Segundo Brazelton (1981/1999), o bebê manifesta em comportamento seus limiares de vulnerabilidade e sua vitalidade, isto é, sua necessidade de contato. De suas pesquisas com recém-nascidos, ele nos apresenta, como exemplo, uma situação de interação rítmica entre mãe e bebê através do interjogo de olhares, como uma comunicação silenciosa: entende que o desvio do olhar por parte do bebê, refletia seus limiares de vulnerabilidade, a partir do qual ele se sentia exposto a um excesso de estimulação; do mesmo modo, na busca do olhar materno, ele solicitava e estimulava nela um movimento de adaptação, ao mesmo tempo que a gratificava.
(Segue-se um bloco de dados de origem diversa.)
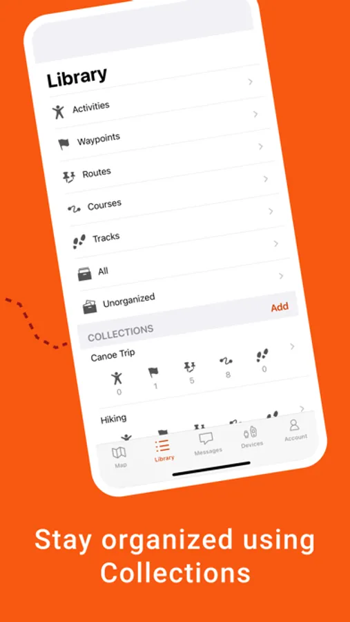 Review and edit your waypoints, tracks, routes and activities in your library. Add them to a collection to keep all the recorded data from a certain trip together in one place. For example, if you’re taking a long trip, you can plan different waypoints, tracks and routes for each day of the trip and combine them into one collection.
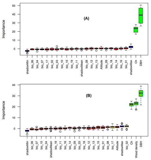 The Boruta algorithm [] was applied to select the best set of predictor variables to estimate volume and biomass. Boruta is a feature selection algorithm that was specifically designed to work with random forest models. The algorithm identifies the most relevant variables in a dataset by comparing the importance of each variable to that of randomly generated shadow variables. The shadow variables are created by permuting the values of each variable so that they are no longer associated with the response variable. The importance of each variable is then assessed by comparing the accuracy of a random forest model trained with the original variables to that of a model trained with the shadow variables. This algorithm iteratively removes the resources that are proven by a statistical test to be less relevant than random probes []. The Boruta R Software Package was used.
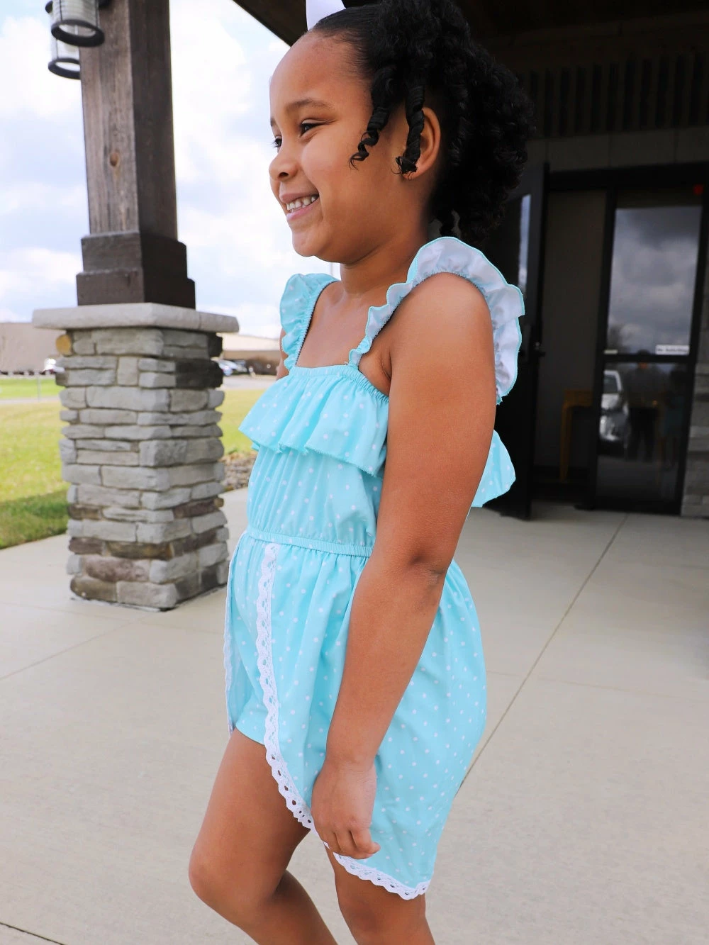 Be fashionable in our super trendy Light Blue & White Polka Dot Ruffle Flyaway Girls Shorts Romper! The blue shorts romper features a white polka dot pattern, a flyaway detail, scrunched trim, and a ruffle overlay. We are loving the trend setting romper with some sneakers or sandals and a coordinating white hair bow. The staple romper is perfect for vacations, parties, shopping trips, parties, running errands, and so much more. Be sure to snag up this romper while her size is still in stock and don’t forget to checkout our other fashionable favorites.Â

Ela olha, ri, brinca, estimula,

solicita, não apenas aprovando e devolvendo em espelho movimentos do bebê; no processo de adaptação, a mãe interpela, incita o bebê a ir além, ao encontro de suas expectativas sem, no entanto, ultrapassar as possibilidades da criança.

Essa microdinâmica que anima as relações de cuidado, revela sua característica rítmica; o jogo interativo, em duplo feedback, que o bebê e o círculo maternante estabelecem entre si, conferem ritmo às relações de cuidado e favorecem seu equilíbrio dinâmico. Este propicia ao bebê, nos casos bem-sucedidos, a experiência de justa medida. Ao ambiente cuidador, compete acompanhar os movimentos do bebê, como parceiros em dança – uma dança implica equilíbrio dinâmico –, sem o que o bebê pode experimentar uma invasão que rompe a pele delicada com que se protege, obrigando-o a desenvolver mecanismos de proteção compensatórios.

Deste modo acolhido pela mãe-ambiente, o bebê se sente tocado, vivo, envolvido e se envolvendo com um ambiente que, diferente dos objetos físicos, é animado e responsivo (Anzieu, 1985/2000: 80). Um ambiente que, neste interjogo, se faz também conhecer em sua pessoalidade.